In this exercise, return the whole listing exactly, excluding any images.

*** Available data

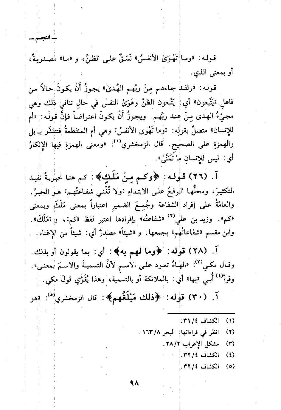 قوله: {وَكَمْ مِّن مَّلَكٍ} : كم هنا خبريةٌ تفيد التكثيرَ، ومحلُّها الرفعُ على الابتداءِ «ولا تُغْني شفاعتُهم» هو الخبرُ. والعامَّةُ على إفراد الشفاعة وجُمِعَ الضميرِ اعتباراً بمعنى مَلَكَ وبمعنى «كم» . وزيد بن علي «شفاعتُه» بإفرادها اعتبر لفظ «كم» ، و «مَلَكَ» . وابن مقسم «شفاعاتُهم» بجمعها. و «شيئاً» مصدرٌ أي: شيئاً من الإِغناء.
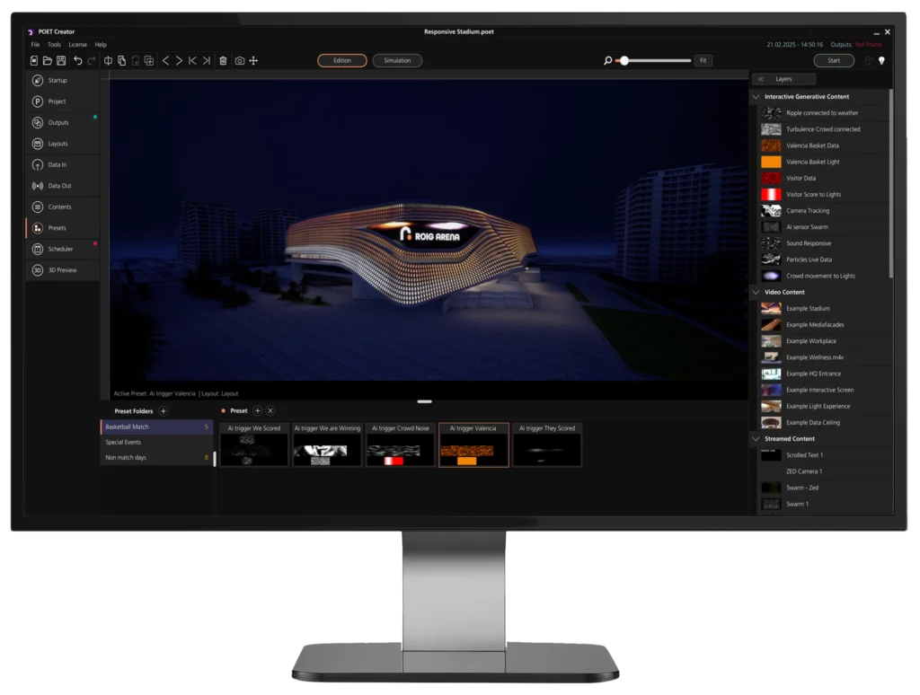 In addition the Poet drives generative changes for the content based on calendar events, seasons, weather patterns and Valencia high-days. Special interaction platform is integrated to the system allowing the operator to open the media facade and the screen for fan experiences and brand activations.
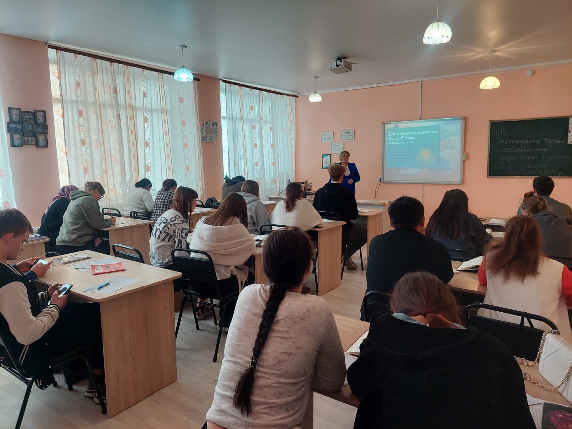 5 сентября преподавателем казахского языка Умербековой А.Б с обучающимися колледжа был проведен кураторский час «Тіл - Тәуелсіздік тірегі», посвященная Дню языков народа Казахстана и 30 - летию Конституции Республики Казахстана».

******

- Task result
 قوله: {وَكَمْ مِّن مَّلَكٍ} : كم هنا خبريةٌ تفيد التكثيرَ، ومحلُّها الرفعُ على الابتداءِ «ولا تُغْني شفاعتُهم» هو الخبرُ. والعامَّةُ على إفراد الشفاعة وجُمِعَ الضميرِ اعتباراً بمعنى مَلَكَ وبمعنى «كم» . وزيد بن علي «شفاعتُه» بإفرادها اعتبر لفظ «كم» ، و «مَلَكَ» . وابن مقسم «شفاعاتُهم» بجمعها. و «شيئاً» مصدرٌ أي: شيئاً من الإِغناء.
 In addition the Poet drives generative changes for the content based on calendar events, seasons, weather patterns and Valencia high-days. Special interaction platform is integrated to the system allowing the operator to open the media facade and the screen for fan experiences and brand activations.
 5 сентября преподавателем казахского языка Умербековой А.Б с обучающимися колледжа был проведен кураторский час «Тіл - Тәуелсіздік тірегі», посвященная Дню языков народа Казахстана и 30 - летию Конституции Республики Казахстана».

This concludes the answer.